EDIT : BAGAIANA SEJARAH BERULANG DITEMPAT LAIN.

Yang saya maksudkan adalah sejarah bangsa dan Negara Mesir di nun disana, di tanah gurun pasir yang dibelah oleh sungai Nil  yang terkenal itu. Pedagang itu tidak bisa campur hidup  bersama dengan Petani, hukum yang dianut beda. Petani diatur cuaca ditangan Tuhan, Pedagang diatur kunci pintu gudang dikantong sendiri.
Pengalaman mereka membina masyarakat yang tumbuh dan berkembang ribuan tahun membuahkan satu dalil bahwa: Barang siapa tidak sayang pada hidupnya, artinya berani mati, akhirnya akan hidup dimulyakan oleh marganya, tapi barang siapa yang takut mati akhirnya akan hidup sengsara, layaknya lalat, dan mati dalam kesengsaraan
Negeri Mesir diberkahi oleh banjir tahunan sungai Nil, yang membawa kesuburan dan daya hidup yang berlimpah di gurun yang jarang hujan, mampu menumbuhkan kapas yang sangat berharga karena seratnya yang panjang dan kuat, buah korma, zaitun dan anggur, dan segala macan serealia yang dibutuhkan untuk penunjang hidup mereka yang menanamnya.

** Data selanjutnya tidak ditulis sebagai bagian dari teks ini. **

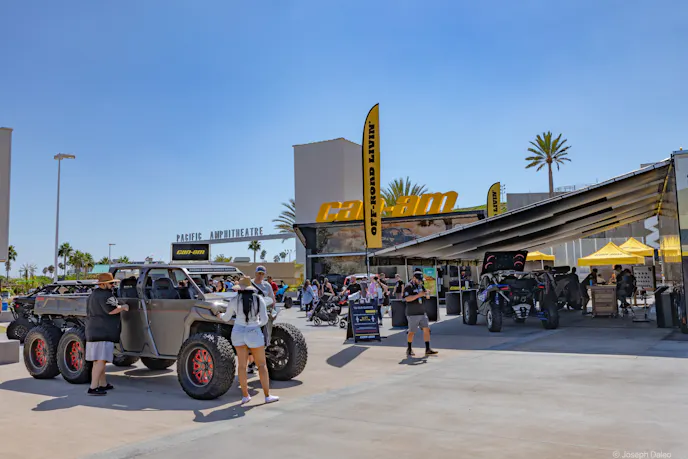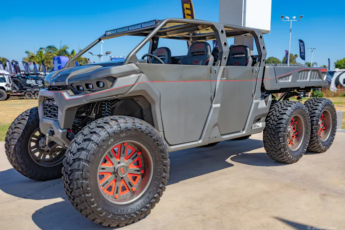 Featuring window nets, custom graphics, orange powder-coated roll cage and suspension, carbon suede seats and steering wheel, factory intercom, bead-locks and a roof scoop, the Robby Gordon Edition of the El Jefe (4-door) model carries a $41,999 MSRP. After waiting in line for over fifteen minutes, sitting behind the steering wheel immediately evokes visions of blasting through the Baja just like the UTV’s namesake. Even though they were tucked into the back corner of the grounds, the booth constantly overflowed into the walkway.

Selama ribuan tahun bangsa Mesir tentu saja berjuang agar wilayah tempat hunian mereka ini selalu diancam akan diduduki oleh bangsa lain, yang sangat mengincar kesuburan tanah dialiran sungai Nil ini.
Puak puak golongan yang takut mati, miskin pengalaman perang takut darah mengalir  jadi petani menampung berkah sungai Nil dan sinar matahari gurun yang memberikan panen bagus, dan puak puak yang berani mati menjadi kaum militer, yang beruntung jadi Despot dan Tyran.

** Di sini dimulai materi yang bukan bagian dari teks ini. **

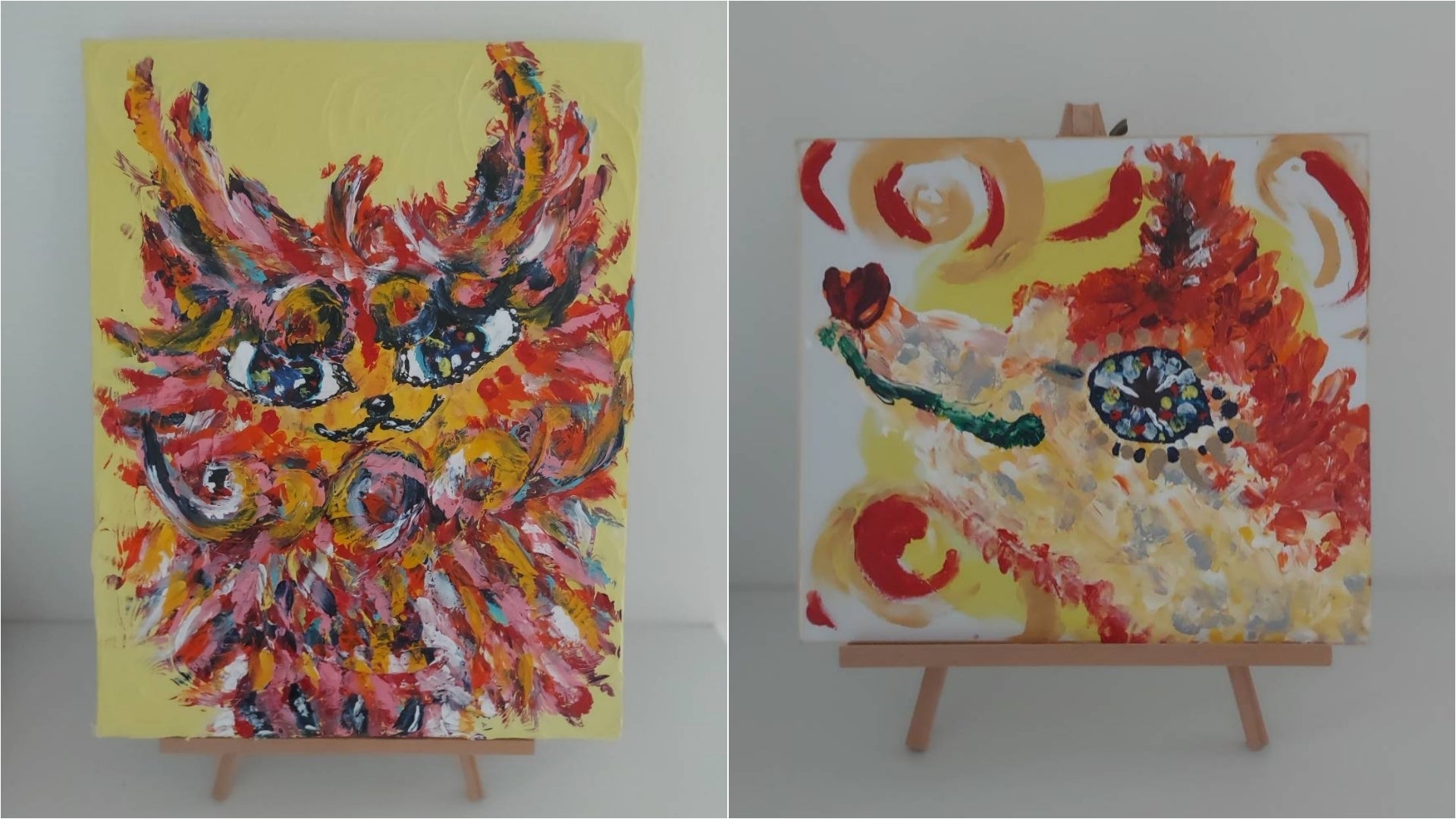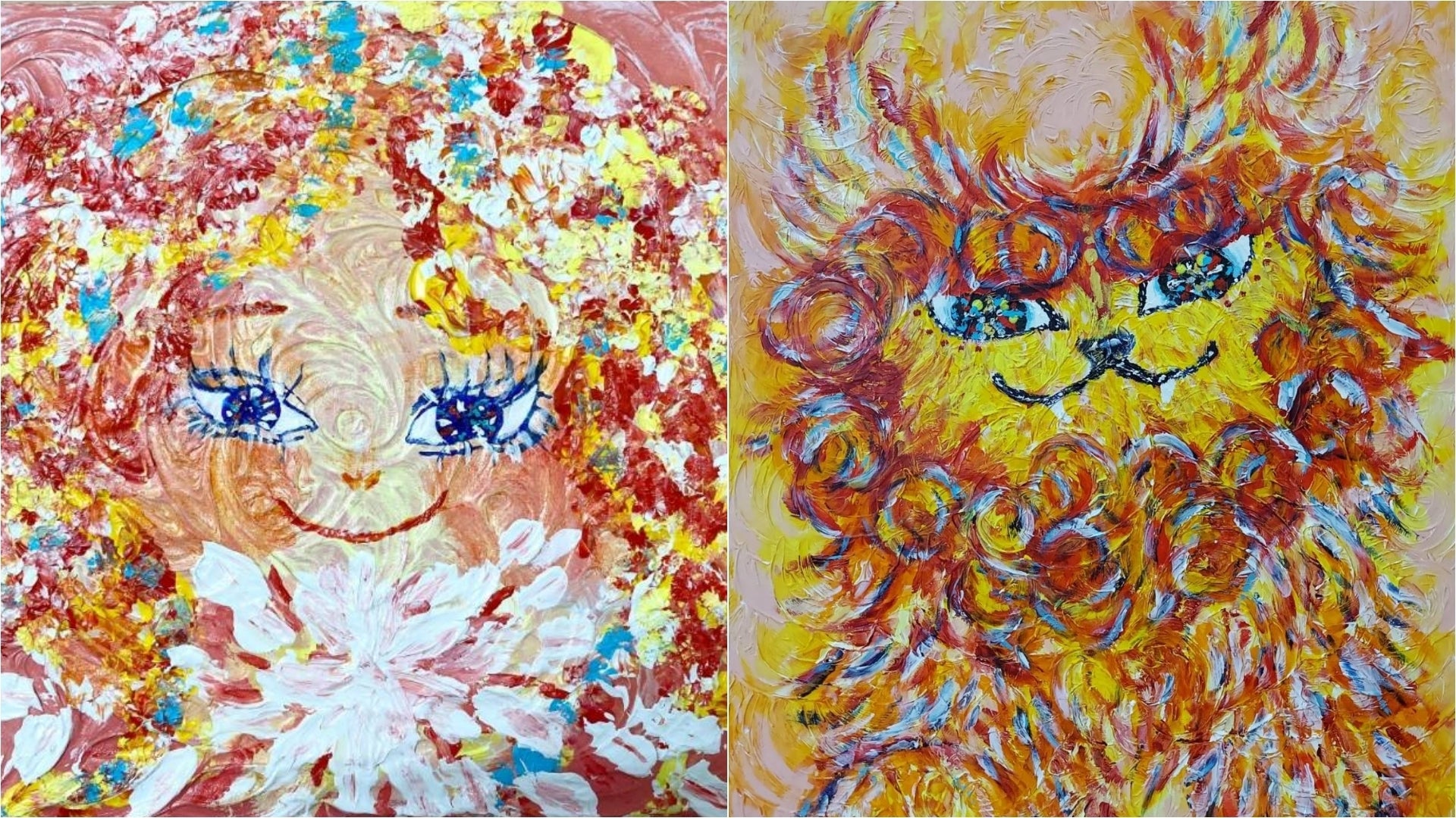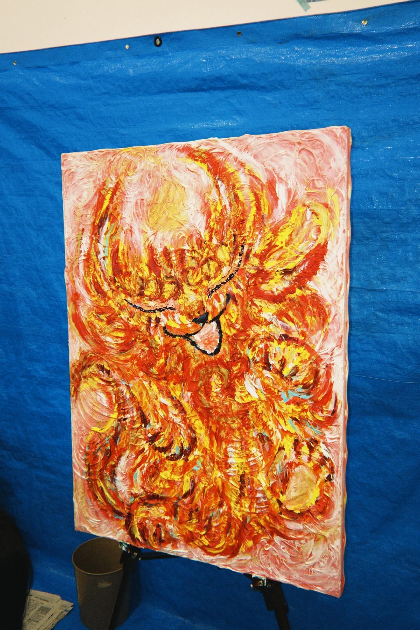 私はキャンバスにモデリングペーストでデコボコ渦巻きを作り、その上からアクリル絵の具で指描きアートを描いています。
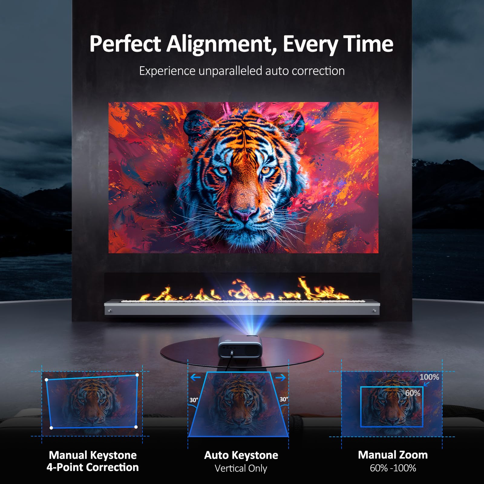Flexible Screen Size: 50–100% zoom allows projection up to 300 inches, creating a large cinematic experience without moving the projector.

Yang lemah dibawah Despot dan Tyran  dari bangsanya sendiri ini jadi korban komplotan keserakahan bahkan sering sampai pembunuhan untuk memberi kesan menakutkan pada yang lain. Mereka kaum militer, yang juga sudah turun temurun menjadi satu kasta tersendiri di Negera Mesir ini. Masih se bangsa dengan kaum taninya yaitu bangsa Hamid, kemudian ribuan tahun sudah bercampur dengan bangsa Nubia dari Sudan, dan suku suku kecil dari Abesinia. Mereka menjadi bangsa yang mendiami lembah sungai Nil dengan upayanya sendiri, berhasil membentuk masyarakat yang berkebudayaan tinggi dalam waktu yang berabad abad, membangun pyramida piramida yang mengagumkan sampai sekarang. Mengawetkan raganya sesudah mati beserta kemewahan yang mereka punya, selir selir dan budak budaknya yang dimiliki, mungkin saking nikmatnya hidup didunia ini sehigga arwahnya masih akan dapat menikmati kenikmatan ragawi seperti itu dialam sana dengan bekal dari sini yang melimpah.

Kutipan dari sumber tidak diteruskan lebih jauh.